What the task asks: Reproduce exactly the lines below, starting at the line that contains "1. Espacio de" and ending with the last line of the records, both included; leave out any pictures.

Exercise data:
☆ ☆ ☆

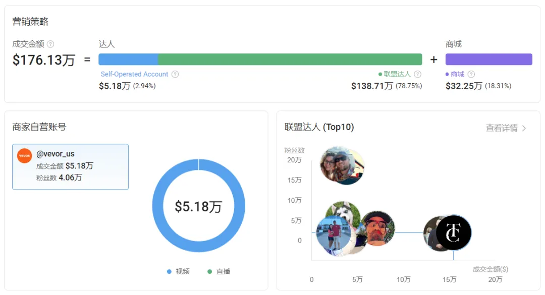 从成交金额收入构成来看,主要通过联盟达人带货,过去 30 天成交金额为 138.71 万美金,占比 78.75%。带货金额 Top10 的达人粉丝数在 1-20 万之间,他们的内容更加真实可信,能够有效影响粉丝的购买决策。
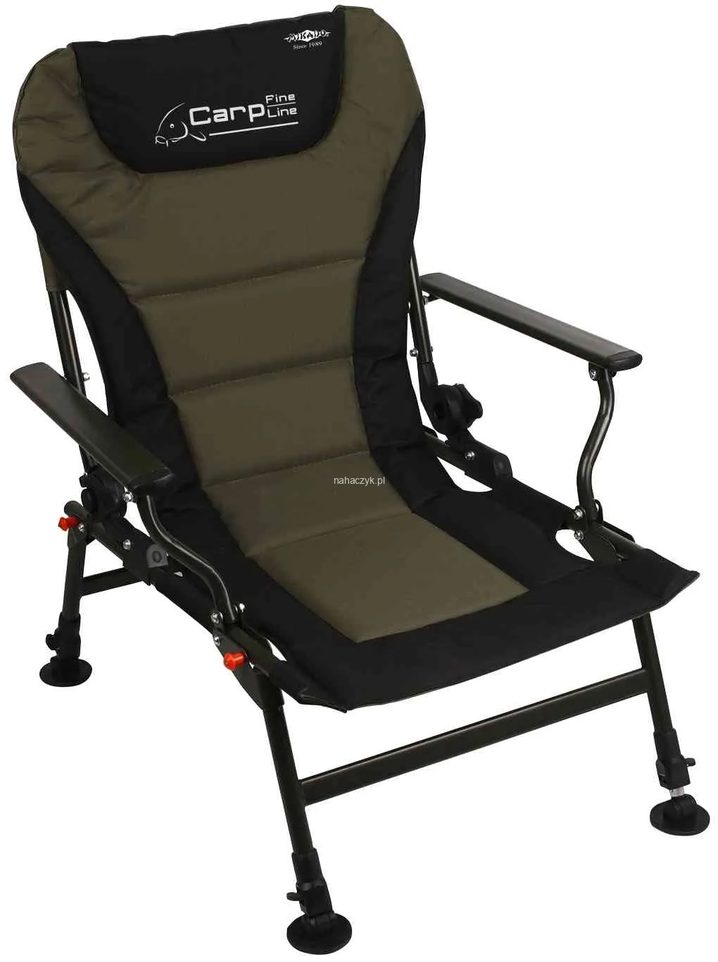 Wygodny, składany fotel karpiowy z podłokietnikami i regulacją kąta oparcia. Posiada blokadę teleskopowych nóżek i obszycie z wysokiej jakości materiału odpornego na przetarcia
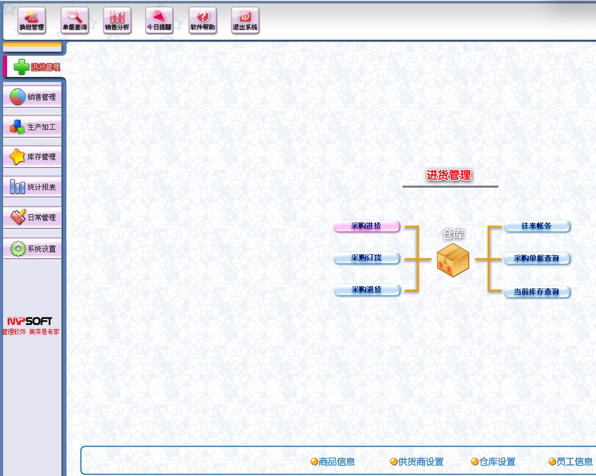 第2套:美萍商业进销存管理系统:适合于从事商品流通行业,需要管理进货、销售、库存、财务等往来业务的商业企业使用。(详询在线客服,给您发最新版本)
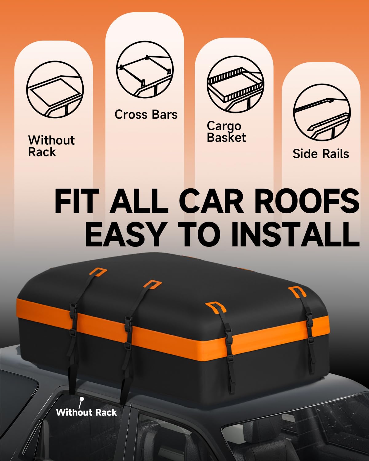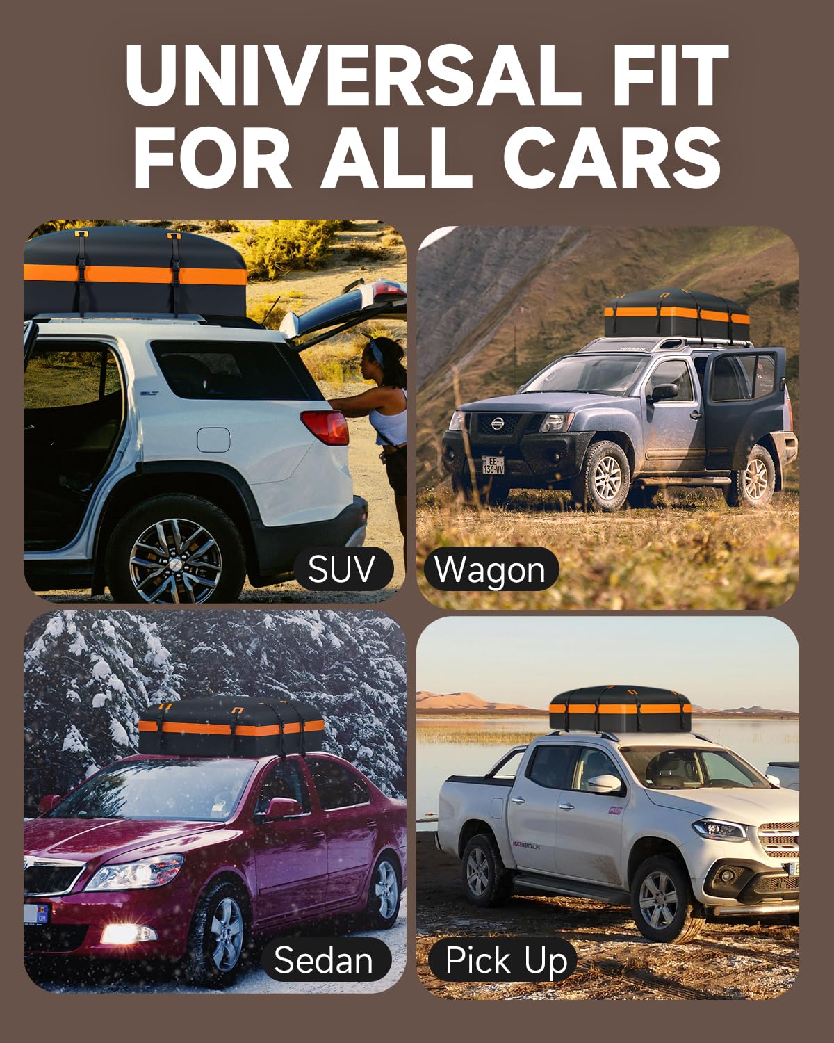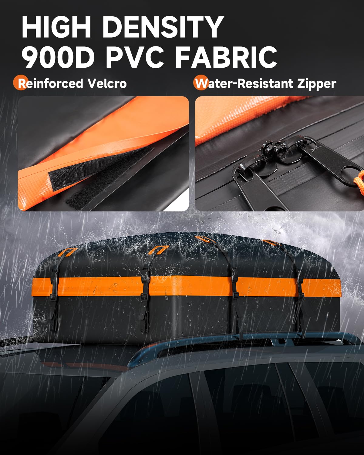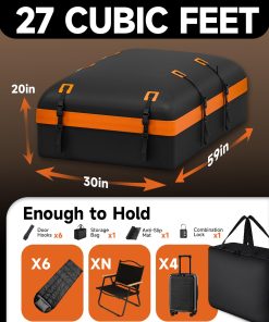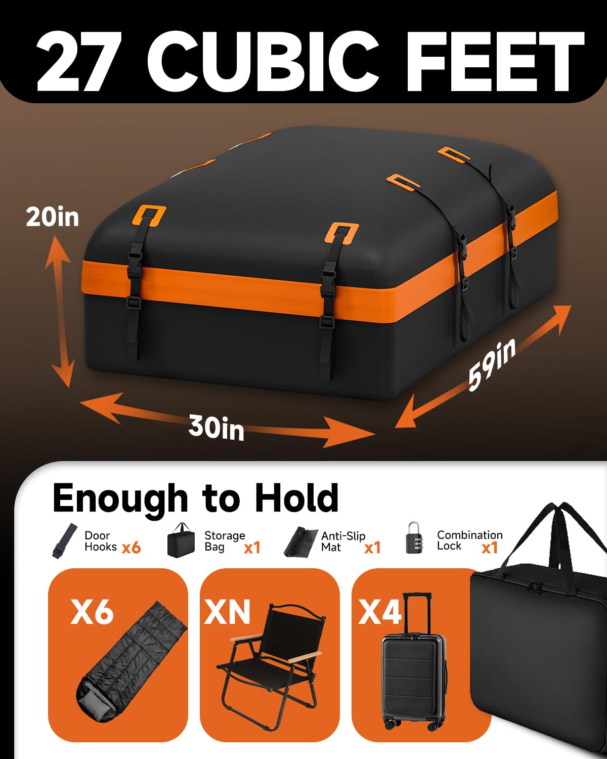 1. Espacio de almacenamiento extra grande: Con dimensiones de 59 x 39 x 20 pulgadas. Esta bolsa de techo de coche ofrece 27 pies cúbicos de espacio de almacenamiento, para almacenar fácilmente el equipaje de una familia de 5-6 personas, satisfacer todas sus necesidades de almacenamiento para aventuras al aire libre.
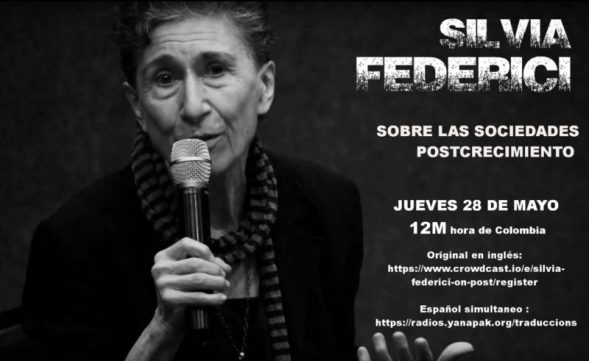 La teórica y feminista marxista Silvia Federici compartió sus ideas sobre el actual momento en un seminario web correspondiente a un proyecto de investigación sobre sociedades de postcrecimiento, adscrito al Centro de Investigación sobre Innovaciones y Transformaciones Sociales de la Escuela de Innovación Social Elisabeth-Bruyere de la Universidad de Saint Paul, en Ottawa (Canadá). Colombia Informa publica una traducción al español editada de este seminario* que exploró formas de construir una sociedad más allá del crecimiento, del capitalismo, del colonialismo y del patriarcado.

☆ ☆ ☆

Reply:
 1. Espacio de almacenamiento extra grande: Con dimensiones de 59 x 39 x 20 pulgadas. Esta bolsa de techo de coche ofrece 27 pies cúbicos de espacio de almacenamiento, para almacenar fácilmente el equipaje de una familia de 5-6 personas, satisfacer todas sus necesidades de almacenamiento para aventuras al aire libre.
 La teórica y feminista marxista Silvia Federici compartió sus ideas sobre el actual momento en un seminario web correspondiente a un proyecto de investigación sobre sociedades de postcrecimiento, adscrito al Centro de Investigación sobre Innovaciones y Transformaciones Sociales de la Escuela de Innovación Social Elisabeth-Bruyere de la Universidad de Saint Paul, en Ottawa (Canadá). Colombia Informa publica una traducción al español editada de este seminario* que exploró formas de construir una sociedad más allá del crecimiento, del capitalismo, del colonialismo y del patriarcado.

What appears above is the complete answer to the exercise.